Common Antiviral Cytotoxic T-Lymphocyte Epitope for Diverse Arenaviruses

Members of the Arenaviridae family have been isolated from mammalian hosts in disparate geographic locations, leading to their grouping as Old World types (i.e., lymphocytic choriomeningitis virus [LCMV], Lassa fever virus [LFV], Mopeia virus, and Mobala virus) and New World types (i.e., Junin, Machupo, Tacaribe, and Sabia viruses) (C. J. Peters, M. J. Buchmeier, P. E. Rollin, and T. G. Ksiazek, p. 1521-1551, in B. N. Fields, D. M. Knipe, and P. M. Howley [ed.], Fields virology, 3rd ed., 1996; P. J. Southern, p. 1505-1519, in B. N. Fields, D. M. Knipe, and P. M. Howley [ed.], Fields virology, 3rd ed., 1996).
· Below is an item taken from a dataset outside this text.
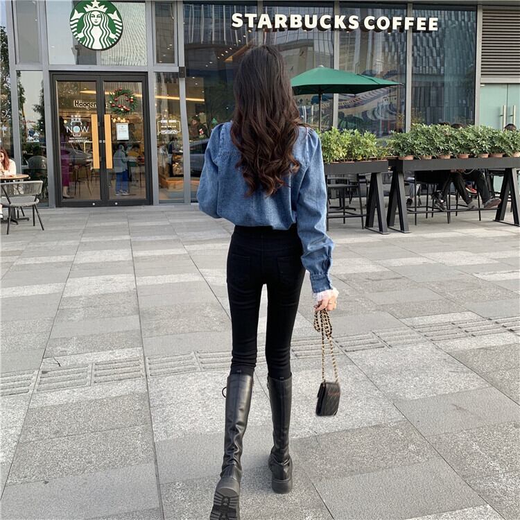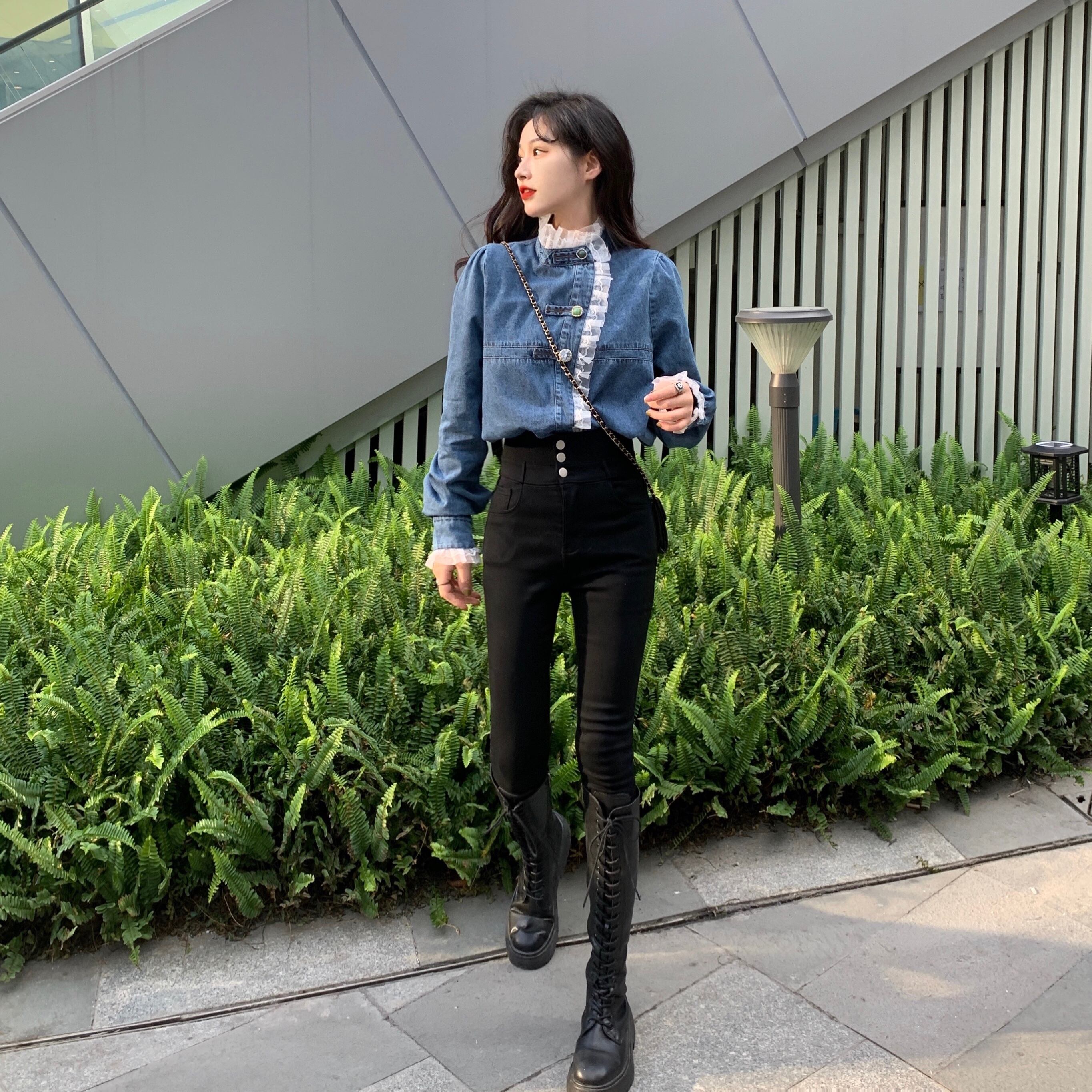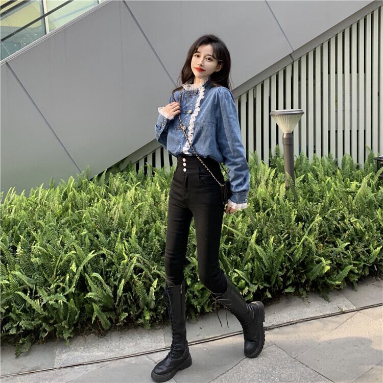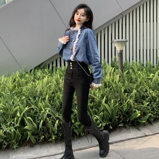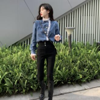レース×デニムの長袖シャツ

Several types in both groups-LFV, Junin, Machupo, and Sabia viruses-cause severe and often lethal human diseases. By sequence comparison, we noted that eight Old World and New World arenaviruses share several amino acids with the nucleoprotein (NP) that consists of amino acids (aa) 118 to 126 (NP 118-126) (RPQASGVYM) of LCMV that comprise the immunodominant cytotoxic T-lymphocyte (CTL) epitope for H-2(d) mice (32). This L(d)-restricted epitope constituted >97% of the total bulk CTLs produced in the specific antiviral or clonal responses of H-2(d) BALB mice. NP 118-126 of the Old World arenaviruses LFV, Mopeia virus, and LCMV and the New World arenavirus Sabia virus bound at high affinity to L(d). The primary H-2(d) CTL anti-LCMV response as well as that of a CTL clone responsive to LCMV NP 118-126 recognized target cells coated with NP 118-126 peptides derived from LCMV, LFV, and Mopeia virus but not Sabia virus, indicating that a common functional NP epitope exists among Old World arenaviruses. Use of site-specific amino acid exchanges in the NP CTL epitope among these arenaviruses identified amino acids involved in major histocompatibility complex binding and CTL recognition.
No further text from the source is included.